Available at: https://digitalcommons.calpoly.edu/theses/3291
Date of Award
6-2026
Degree Name
MS in Computer Science
Department/Program
Computer Science
College
College of Engineering
Advisor
Maria Pantoja
Advisor Department
Computer Science
Advisor College
College of Engineering
Abstract
Since the seminal assertion by Vaswani et al. in 2017 that “Attention Is All You Need,” transformer models have risen to ubiquity due to their ability to learn extremely complex patterns from sequence data, culminating in the unprecedented generative capabilities of large language models. These models’ strength lies in their scale: hundreds of millions (e.g., BERT-LARGE) to billions or trillions of learned parameters. Running inference with these models, let alone training them, would be intractable without significant innovations in the hardware and software that support them. This need has driven an enormous demand for GPU compute and associated software ecosystems, like that of NVIDIA. With many different accelerator architectures, attention variants, and application constraints, obtaining a holistic view of what goes on behind the scenes of state-of-the-art AI systems can be elusive, even to the well-initiated.

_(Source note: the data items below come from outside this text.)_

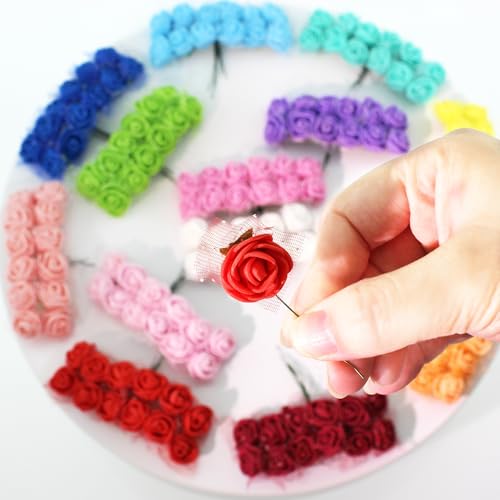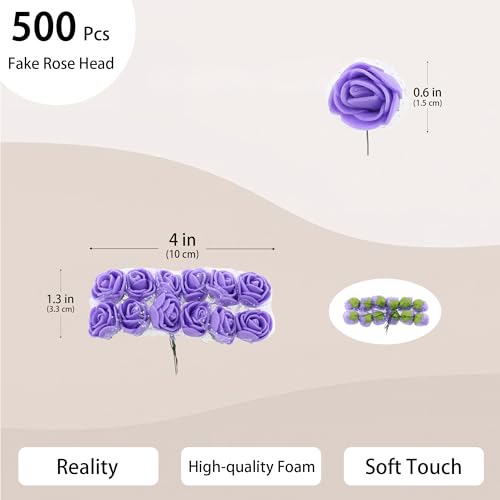 Vignor - 500 قطعة من رؤوس الزهور الاصطناعية الصغيرة 0.6 انش بالجملة 5 في 1 من فيجنور، مجموعة زهور صغيرة من الفوم الصناعي، باقة زهور صغيرة، باقة اكليل من الزهور، هدية مشبك شعر لتزيين المنزل والحرف اليدوية
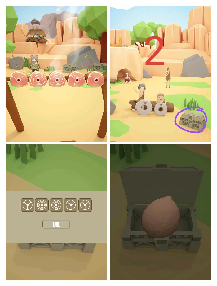 1. 观察①处石锤符号,解开③处箱子(画圈处),获石叉道具
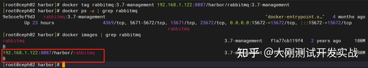 ③ 当地镜像打tag镜像名称需要定名为:ip:端标语/项目名称/镜像名:tag名,才气上传到该指定项面前目今,例如rabbitmq镜像,则名称为:192.168.1.122:8087/harbor/rabbitmq:5.7.33
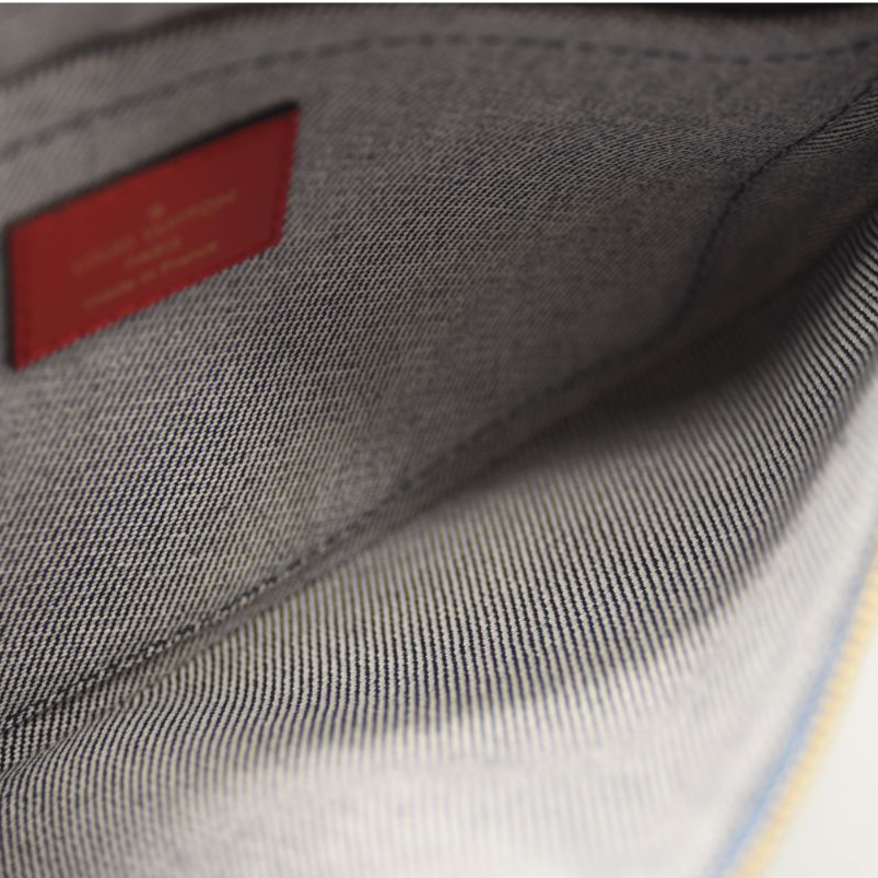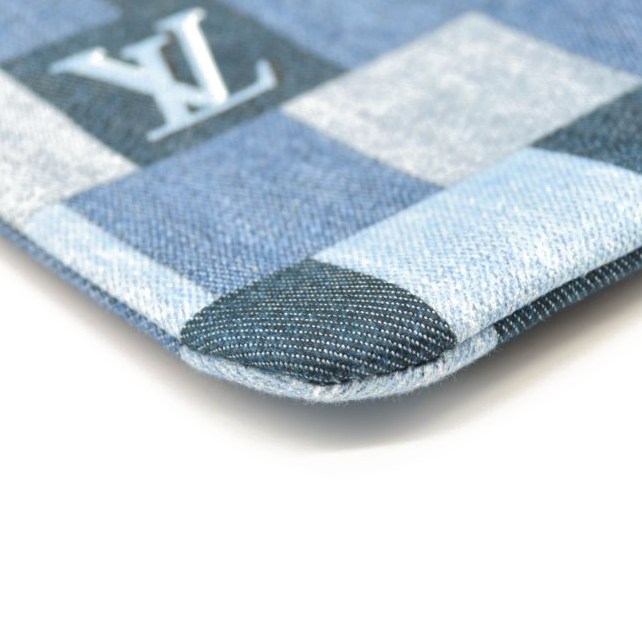 Louis Vuitton Denim Damier Monogram Patchwork Neverfull MM Pochette Blue Rouge
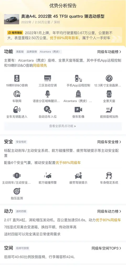 综上所述的新车含税价、用车成本、市场行情、优势分析、同款比价等数据仅供参考。在配置部分,因为二手车非标品,车辆可能会存在配置改装的情况,具体车况信息需要线下结合车辆实际情况进行综合参考。
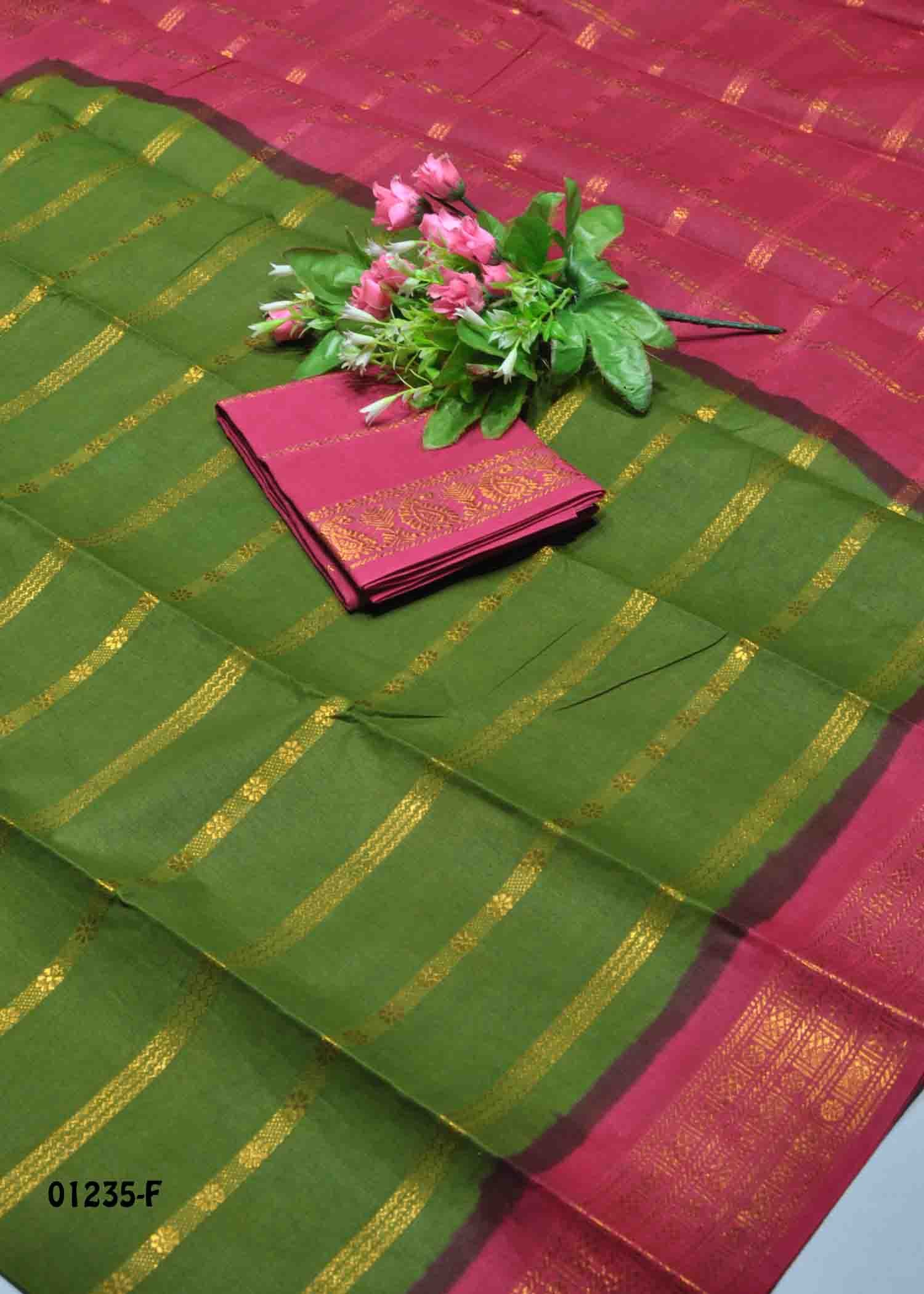 Swathy -01235-F FernGreen Color Madurai Chungudi Cotton Saree CM1343810 [RR4C]

In this work, we seek to provide exactly that: a unified perspective on what makes modern attention implementations fast, efficient, and flexible enough to handle the tremendous computational demands of transformer applications. To this end, we discuss the machine learning operations that motivate this need, together with the algorithmic and systems-level techniques researchers have developed to satisfy it, in terms understandable to readers with a general computer science background. We present five key attributes of modern attention implementations, with detailed explanations of popular frameworks, such as the FlashAttention series, that put them into practice. We demonstrate the tangible performance improvements these yield by evaluating them against attention workloads of various sizes across four generations of NVIDIA GPUs. Our results consolidate the diverse literature surrounding this topic into an accessible, structured framework, and provide researchers a practical reference for navigating and assessing the rapidly evolving field of attention acceleration.